**Task**. Your answer should be the lines below from the one with "Ситуация в районе" to the one with "Regulowany fartuch kuchenny", both included, given again exactly and with nothing added.

**Material for this exercise**.
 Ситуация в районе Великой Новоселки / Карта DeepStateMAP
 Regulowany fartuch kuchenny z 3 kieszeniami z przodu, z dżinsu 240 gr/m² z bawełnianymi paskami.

---

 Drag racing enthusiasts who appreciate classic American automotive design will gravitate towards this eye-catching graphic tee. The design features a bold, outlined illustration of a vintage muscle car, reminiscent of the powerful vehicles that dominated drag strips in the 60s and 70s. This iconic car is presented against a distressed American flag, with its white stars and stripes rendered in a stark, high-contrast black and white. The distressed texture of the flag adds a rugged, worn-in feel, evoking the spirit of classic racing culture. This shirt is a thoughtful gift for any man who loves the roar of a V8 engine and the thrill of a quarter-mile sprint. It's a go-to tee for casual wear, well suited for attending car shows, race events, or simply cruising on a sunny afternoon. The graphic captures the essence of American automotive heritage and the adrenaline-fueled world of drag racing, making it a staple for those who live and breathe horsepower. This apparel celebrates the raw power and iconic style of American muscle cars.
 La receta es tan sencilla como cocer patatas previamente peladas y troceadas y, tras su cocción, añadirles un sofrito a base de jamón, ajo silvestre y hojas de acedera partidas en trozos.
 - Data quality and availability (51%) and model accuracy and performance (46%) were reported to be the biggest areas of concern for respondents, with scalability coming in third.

...

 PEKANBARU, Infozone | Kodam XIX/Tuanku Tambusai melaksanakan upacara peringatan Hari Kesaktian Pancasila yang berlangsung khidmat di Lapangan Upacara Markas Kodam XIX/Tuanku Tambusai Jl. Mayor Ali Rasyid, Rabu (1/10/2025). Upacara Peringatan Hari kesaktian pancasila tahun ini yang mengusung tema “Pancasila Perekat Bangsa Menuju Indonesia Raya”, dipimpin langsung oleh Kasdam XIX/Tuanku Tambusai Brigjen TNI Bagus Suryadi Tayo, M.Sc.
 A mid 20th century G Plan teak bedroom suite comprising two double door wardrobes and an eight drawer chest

**Response to this task**.
 Ситуация в районе Великой Новоселки / Карта DeepStateMAP
 Regulowany fartuch kuchenny z 3 kieszeniami z przodu, z dżinsu 240 gr/m² z bawełnianymi paskami.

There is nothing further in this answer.